| Work instructions |
Pictures in the records below must be left out. Return exactly the lines from the line with "Престижный и р" to the line with "O carimbo personalizável", both included.

| Provided records |

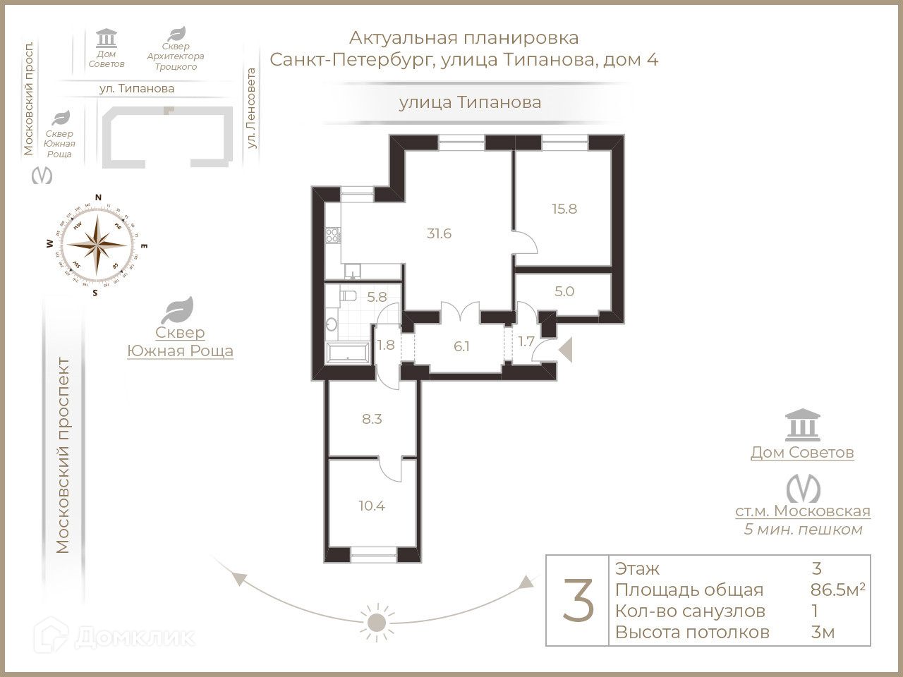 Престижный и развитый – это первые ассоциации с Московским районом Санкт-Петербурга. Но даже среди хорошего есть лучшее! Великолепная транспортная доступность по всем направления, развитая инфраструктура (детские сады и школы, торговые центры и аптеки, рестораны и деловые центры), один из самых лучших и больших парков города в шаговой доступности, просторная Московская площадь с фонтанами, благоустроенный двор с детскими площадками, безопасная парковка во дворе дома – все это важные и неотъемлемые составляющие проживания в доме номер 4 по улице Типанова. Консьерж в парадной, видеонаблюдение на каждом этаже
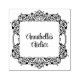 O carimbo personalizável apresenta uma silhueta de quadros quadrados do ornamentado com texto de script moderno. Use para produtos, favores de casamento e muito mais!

* * *

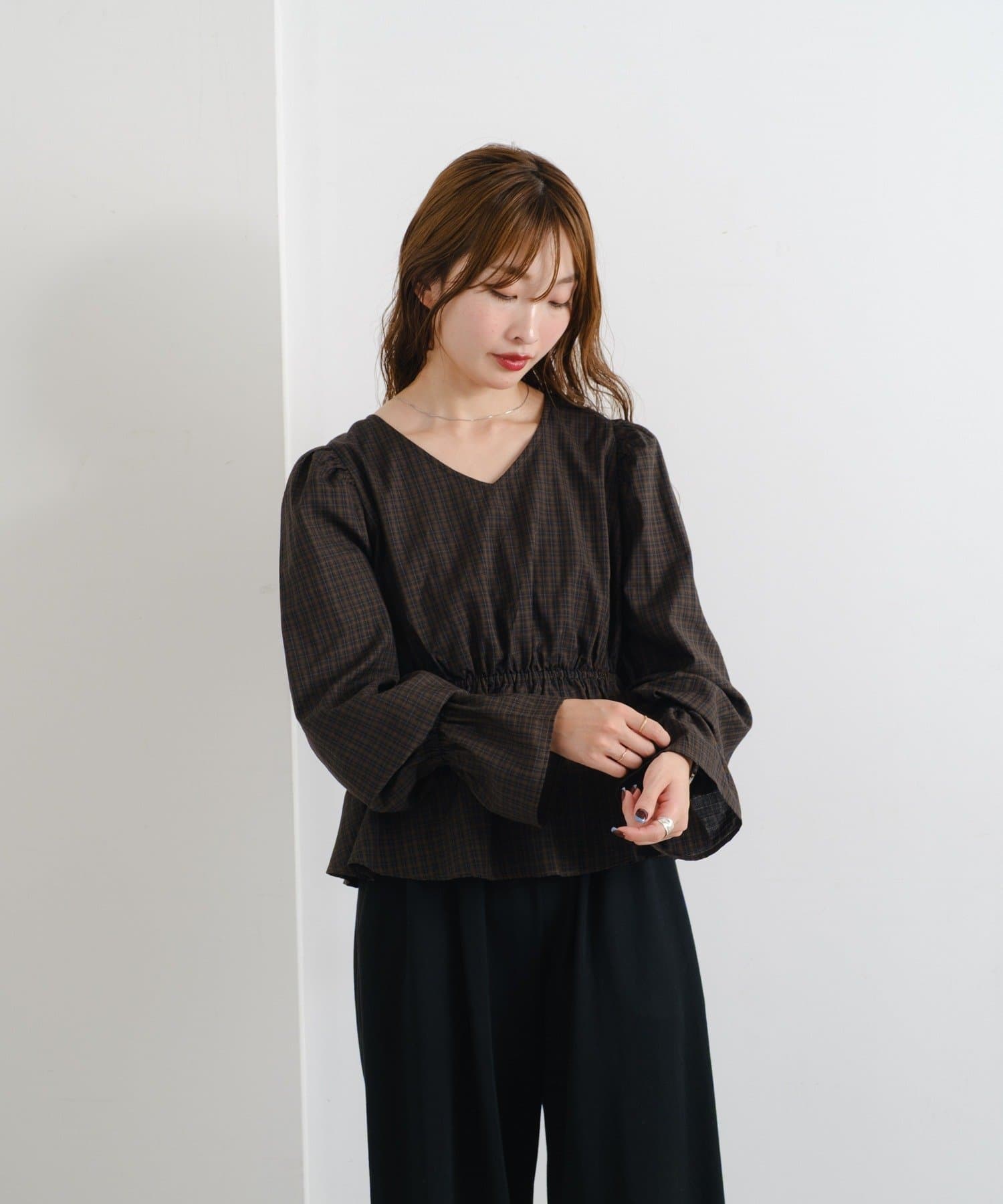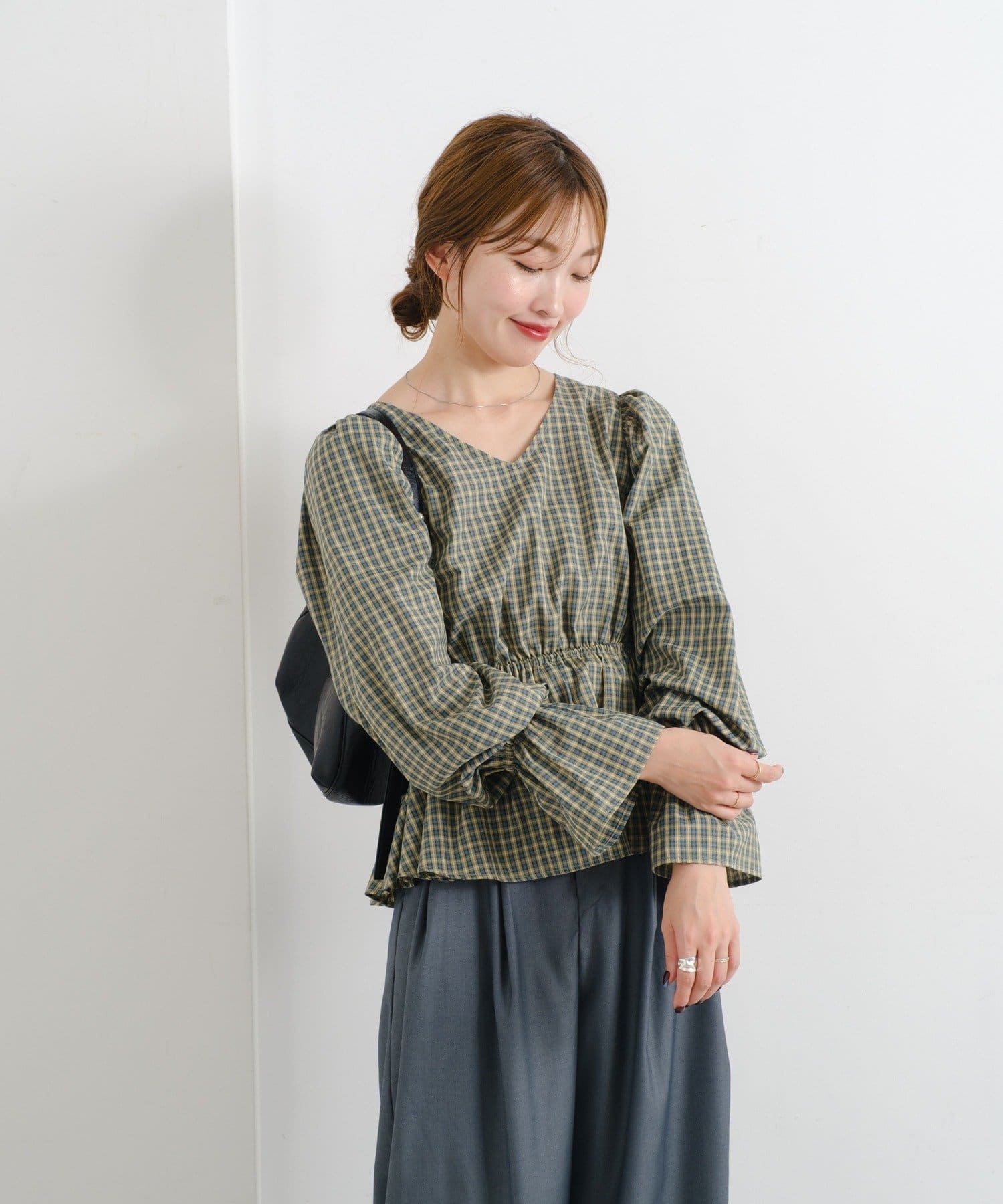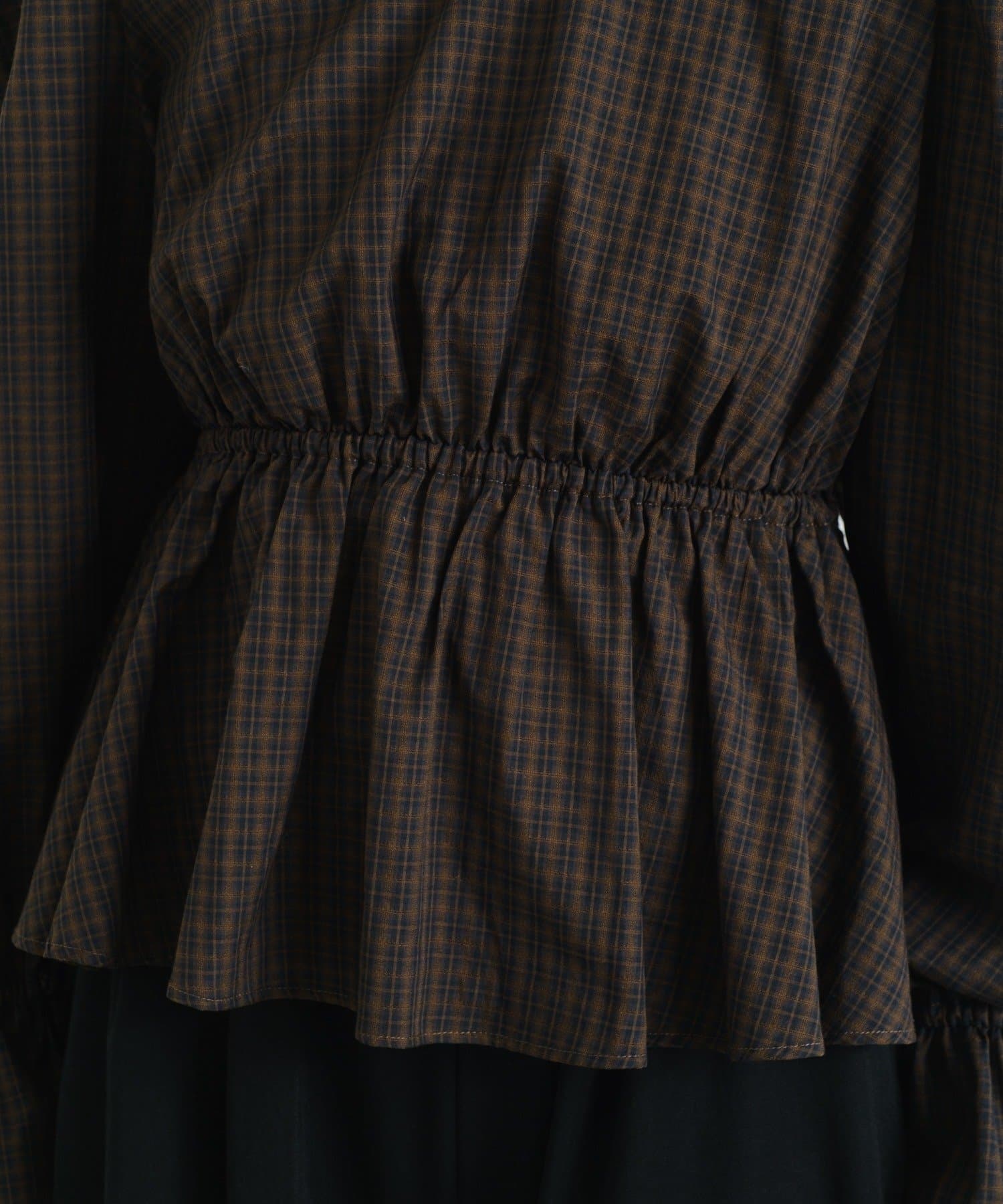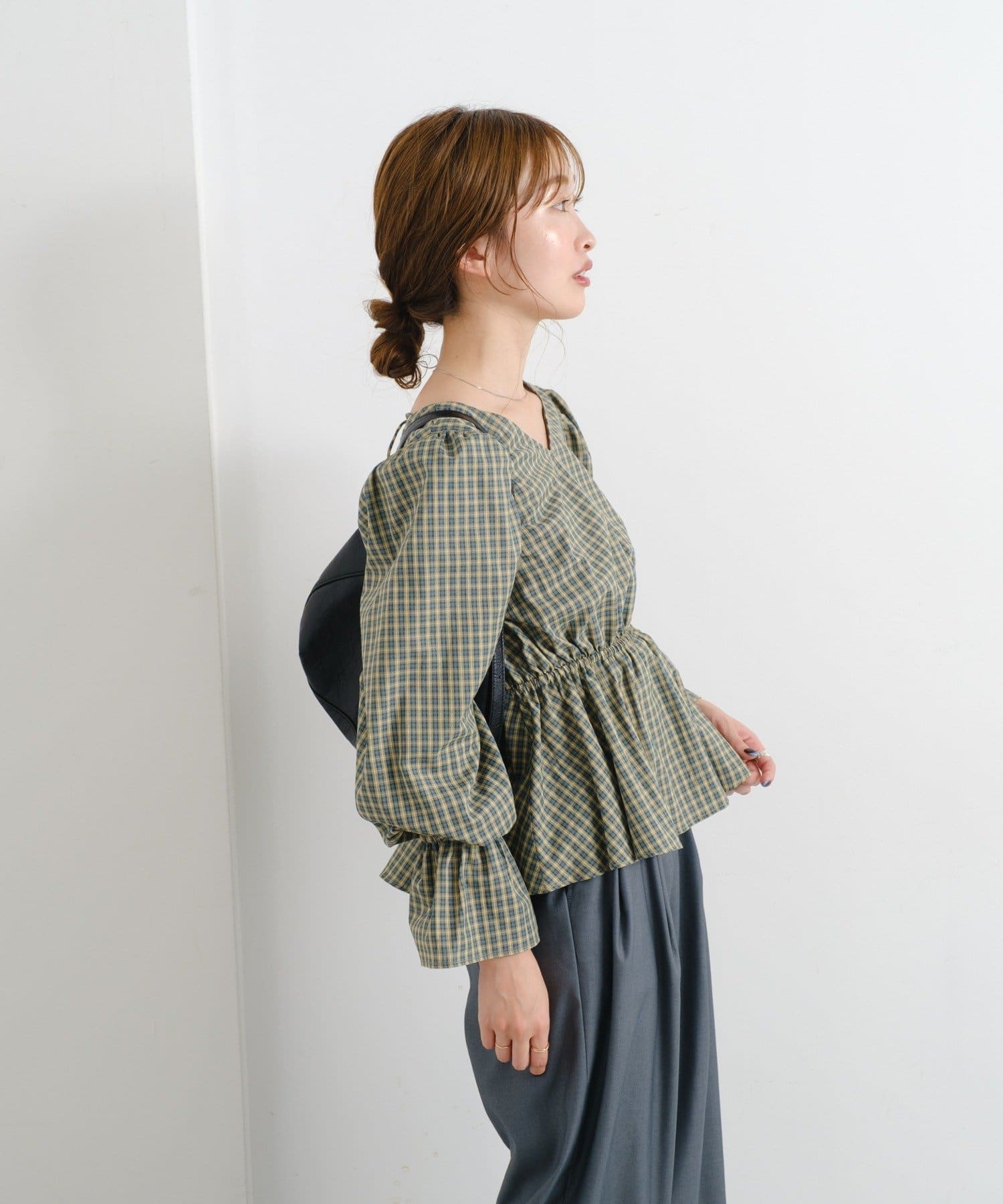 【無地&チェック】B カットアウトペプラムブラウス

| Solved exercise |
 Престижный и развитый – это первые ассоциации с Московским районом Санкт-Петербурга. Но даже среди хорошего есть лучшее! Великолепная транспортная доступность по всем направления, развитая инфраструктура (детские сады и школы, торговые центры и аптеки, рестораны и деловые центры), один из самых лучших и больших парков города в шаговой доступности, просторная Московская площадь с фонтанами, благоустроенный двор с детскими площадками, безопасная парковка во дворе дома – все это важные и неотъемлемые составляющие проживания в доме номер 4 по улице Типанова. Консьерж в парадной, видеонаблюдение на каждом этаже
 O carimbo personalizável apresenta uma silhueta de quadros quadrados do ornamentado com texto de script moderno. Use para produtos, favores de casamento e muito mais!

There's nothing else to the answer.